The fastest way to feel the multivariate normal is to draw a handful of samples and see them lined up side by side. Pick a mean vector mu, pick a covariance matrix Sigma, and mvrnorm() returns a matrix where every row is one correlated observation. Everything else in this tutorial — plots, checks, higher dimensions — builds on this one call.

Let's simulate five draws from a two-dimensional normal with means at zero and a strong positive correlation of 0.7.

RInteractive R
# Load MASS and simulate 5 correlated (X1, X2) draws library(MASS) set.seed(42) mu <- c(0, 0) Sigma <- matrix(c(1.0, 0.7, 0.7, 1.0), nrow = 2) sim5 <- mvrnorm(n = 5, mu = mu, Sigma = Sigma) sim5 #> [,1] [,2] #> [1,] 1.37095845 1.4898557 #> [2,] -0.56469817 -0.2357334 #> [3,] 0.36312841 1.0691417 #> [4,] 0.63286260 1.1232453 #> [5,] 0.40426832 1.0290827

  

Each row is one observation of the pair $(X_1, X_2)$. Notice how rows where X1 is positive also tend to have a positive X2 — that's the 0.7 correlation showing up in just five samples.
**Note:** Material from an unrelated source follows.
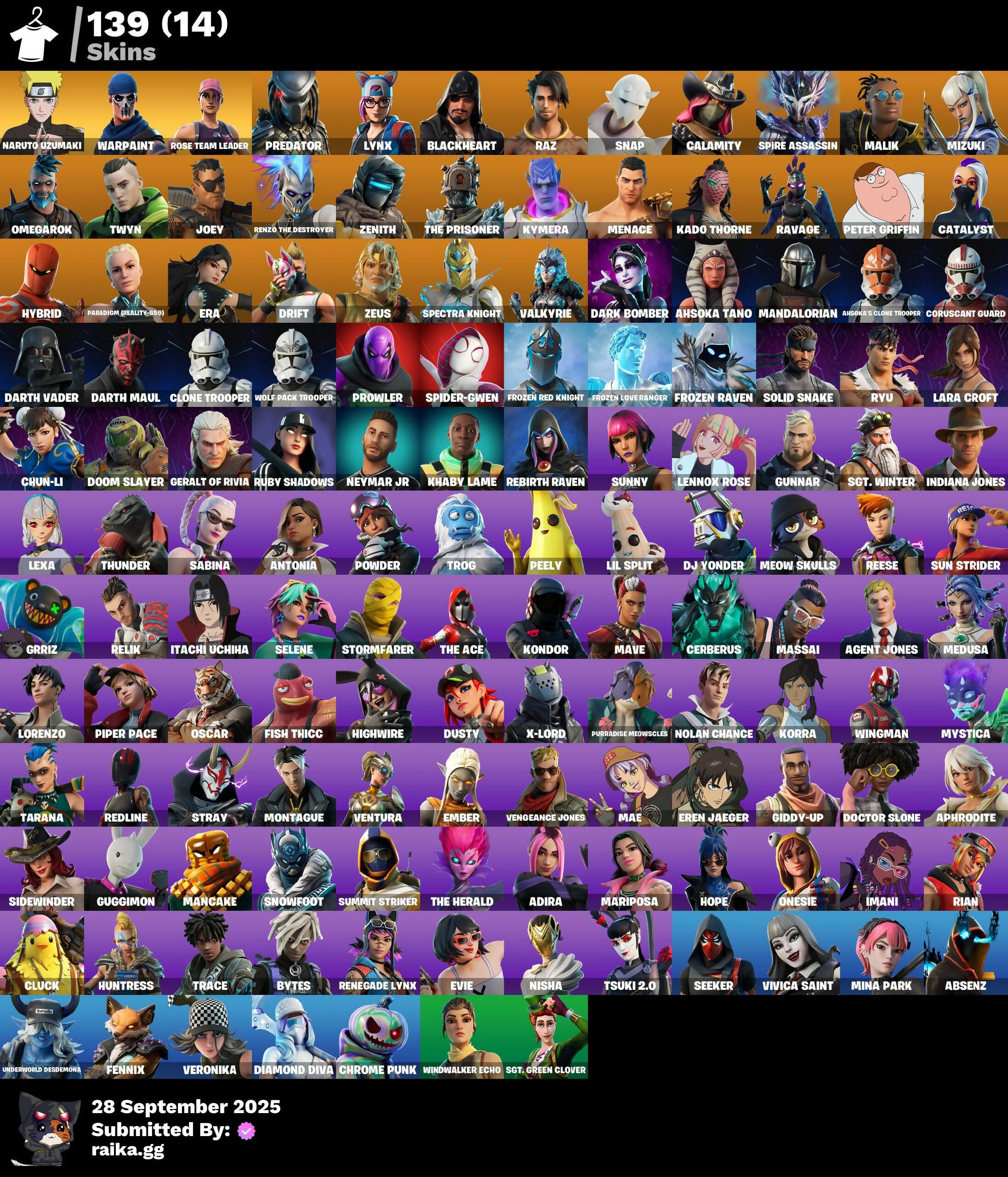 [PC/PSN/XBOX] 139 skins | OG STW | Naruto Uzumaki | Predator | Lynx | Blackheart | Raz | Snap | Calamity | Spire Assassin | Malik | Mizuki | Omegarok | Twyn | 750 VB

The diagonal of Sigma sets each variable's variance to 1, and the off-diagonal sets their covariance.

Five rows is a taste. For real work you want hundreds or thousands of draws so the sample moments stabilise.

RInteractive R
# Simulate 500 draws and inspect the shape sim <- mvrnorm(n = 500, mu = mu, Sigma = Sigma) dim(sim) #> [1] 500 2 head(sim, 3) #> [,1] [,2] #> [1,] -2.7334779 -2.1580570 #> [2,] 0.1160956 0.2514368 #> [3,] 1.1179754 1.6063953

  

The output is always a matrix with n rows and length(mu) columns. One row, one observation — that convention carries through to every visualisation and summary in R.

Tip
Give your columns names right away. colnames(sim) <- c("X1", "X2") makes every downstream call — head(), ggplot(), cor() — print meaningful labels instead of [,1] and [,2].

Try it: Simulate 3 draws with mean vector c(5, 10) and a covariance matrix whose diagonal is 1 and off-diagonals are -0.5. The two columns should trend in opposite directions.

RInteractive R
# Try it: flip the correlation sign ex_mu <- c(5, 10) ex_Sigma <- matrix(c(1, -0.5, -0.5, 1), 2) # your code here — call mvrnorm and print the result ex_sim <- NULL ex_sim #> Expected: 3 rows, 2 columns; columns move in opposite directions

  
Click to reveal solution
RInteractive R
set.seed(7) ex_sim <- mvrnorm(3, ex_mu, ex_Sigma) ex_sim #> [,1] [,2] #> [1,] 7.061467 9.321527 #> [2,] 4.233519 11.028812 #> [3,] 4.706847 10.458461

  

Explanation: A negative off-diagonal forces X1 and X2 apart — when one is above its mean, the other tends below.

What does the covariance matrix actually control?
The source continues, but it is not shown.